In the ever-evolving landscape of data science, extracting meaningful insights from vast datasets has been akin to finding a needle in a haystack. But what if we could transform this daunting task into an intuitive, efficient, and surprisingly straightforward journey? Welcome to my exploration of AutoGPT and Qdrant, two revolutionary tools that reshape how we interact with and understand our data.

Whether you are a seasoned data scientist, a curious beginner, or somewhere in between, this exploration is designed to illuminate the path to extracting valuable insights from your data. So, fasten your seatbelts and embark on this exciting adventure together!

In this article, we will give the autonomous prompting powers to GPT and develop a chat-like system for interacting with large data files. I will be using Langchain as an interface between AutoGPT for retrieval tasks and Qdrant as a cloud vector store. This is an impressive tech stack that provides seamless integrations for data profiling, retrieval, and generation tasks for modern-day ecosystems.

Let’s first have a look at AutoGPT and understand its capabilities for executing complicated tasks.
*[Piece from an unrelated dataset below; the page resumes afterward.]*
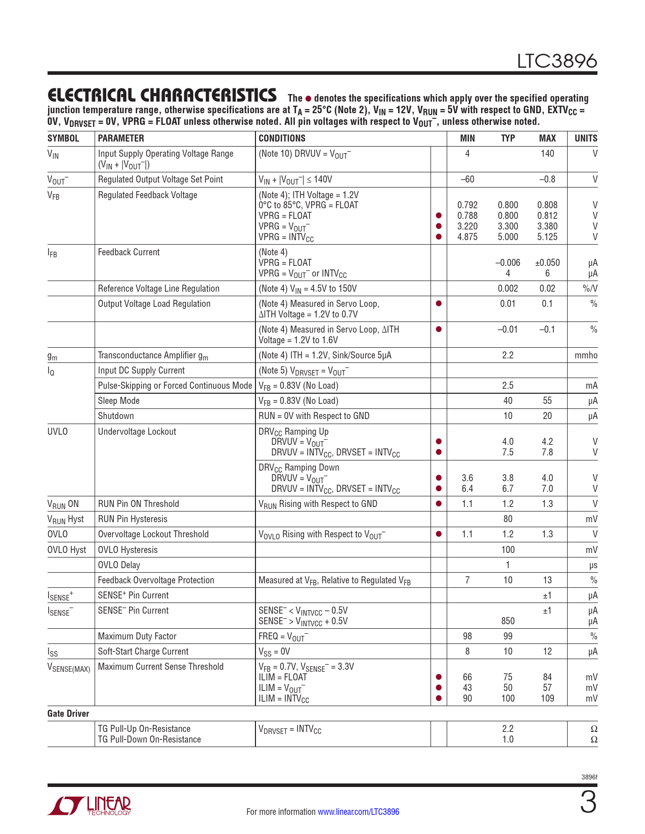 V – IN Input Supply Operating Voltage Range (Note 10) DRVUV = VOUT 4 140 V (V – IN + |VOUT |) V – – OUT Regulated Output Voltage Set Point VIN + |VOUT | ≤ 140V –60 –0.8 V VFB Regulated Feedback Voltage (Note 4); ITH Voltage = 1.2V 0°C to 85°C, VPRG = FLOAT 0.792 0.800 0.808 V VPRG = FLOAT l 0.788 0.800 0.812 V VPRG = V – OUT l 3.220 3.300 3.380 V VPRG = INTVCC l 4.875 5.000 5.125 V IFB Feedback Current (Note 4) VPRG = FLOAT –0.006 ±0.050 µA VPRG = V – OUT or INTVCC 4 6 µA Reference Voltage Line Regulation (Note 4) VIN = 4.5V to 150V 0.002 0.02 %/V Output Voltage Load Regulation (Note 4) Measured in Servo Loop, l 0.01 0.1 % ∆ITH Voltage = 1.2V to 0.7V (Note 4) Measured in Servo Loop, ∆ITH l –0.01 –0.1 % Voltage = 1.2V to 1.6V gm Transconductance Amplifier gm (Note 4) ITH = 1.2V, Sink/Source 5µA 2.2 mmho I – Q Input DC Supply Current (Note 5) VDRVSET = VOUT Pulse-Skipping or Forced Continuous Mode VFB = 0.83V (No Load) 2.5 mA Sleep Mode VFB = 0.83V (No Load) 40 55 µA Shutdown RUN = 0V with Respect to GND 10 20 µA UVLO Undervoltage Lockout DRVCC Ramping Up DRVUV = V – OUT l 4.0 4.2 V DRVUV = INTVCC, DRVSET = INTVCC l 7.5 7.8 V DRVCC Ramping Down DRVUV = V – OUT l 3.6 3.8 4.0 V DRVUV = INTVCC, DRVSET = INTVCC l 6.4 6.7 7.0 V VRUN ON RUN Pin ON Threshold VRUN Rising with Respect to GND l 1.1 1.2 1.3 V VRUN Hyst RUN Pin Hysteresis 80 mV OVLO Overvoltage Lockout Threshold V – OVLO Rising with Respect to VOUT l 1.1 1.2 1.3 V OVLO Hyst OVLO Hysteresis 100 mV OVLO Delay 1 µs Feedback Overvoltage Protection Measured at VFB, Relative to Regulated VFB 7 10 13 % I + SENSE SENSE+ Pin Current ±1 µA I – SENSE SENSE– Pin Current SENSE– < VINTVCC – 0.5V ±1 µA SENSE– > VINTVCC + 0.5V 850 µA Maximum Duty Factor FREQ = V – OUT 98 99 % ISS Soft-Start Charge Current VSS = 0V 8 10 12 µA V – SENSE(MAX) Maximum Current Sense Threshold VFB = 0.7V, VSENSE = 3.3V ILIM = FLOAT l 66 75 84 mV ILIM = V – OUT l 43 50 57 mV ILIM = INTVCC l 90 100 109 mV

AutoGPT: Supercharge GPT-4 with Autonomous Task Execution

AutoGPT represents an innovative leap in the field of automation, moving beyond the conventional boundaries of a standalone model. It’s a groundbreaking experiment that effectively harnesses the impressive capabilities of advanced Large Language Models like GPT-4 and GPT-3. The core objective of AutoGPT is to automate a variety of tasks by utilizing the vast knowledge and understanding embedded within these models. It does so by generating a series of instructions from the LLM and then executing them, primarily focusing on tasks that involve programming logic and step-by-step execution.
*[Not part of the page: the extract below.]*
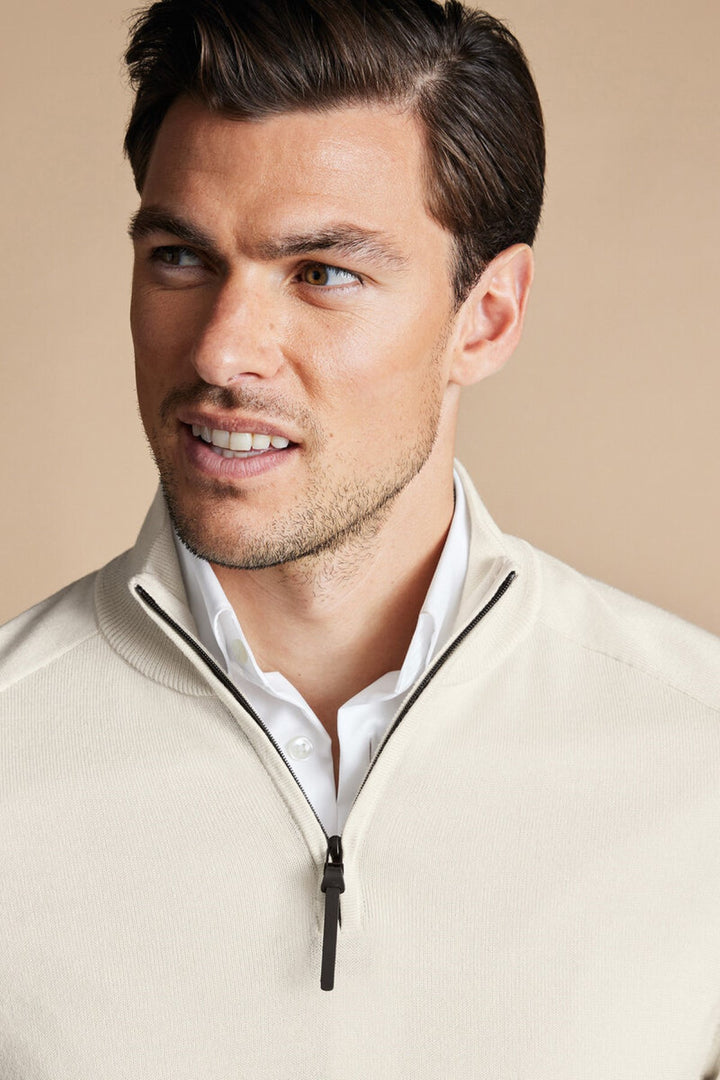 Ivory Performance Merino Zip Neck Jumper

Key differences between LLMs and AutoGPT
Key differences between LLMs and AutoGPT

To put this into perspective, consider the task of conducting exploratory data analysis (EDA) on a dataset as an example. AutoGPT employs a logical, step-by-step methodology for this complex process. Initially, it identifies the dataset and understands the type of analysis required. Then, it proceeds to write and execute a Python script for importing the data, often from a CSV or Excel file. Next, AutoGPT performs various data cleansing steps, such as handling missing values or outliers, followed by executing a series of commands for data visualization, like creating histograms, box plots, or scatter plots to understand data distributions and relationships. This approach simplifies the intricate process of EDA, which is fundamental in data science.

The true brilliance of AutoGPT lies not just in the automation of these analytical steps, but in its ability to dynamically create and adapt Python scripts tailored to the specific needs of the dataset and the analysis objectives, making the exploratory process both efficient and insightful.

All right, now we have understood the framework of AutoGPT and how it is different from LLMs like ChatGPT. It is time to take a deeper understanding of its workings and current interfaces. Also, let’s execute some custom tasks for better evaluation.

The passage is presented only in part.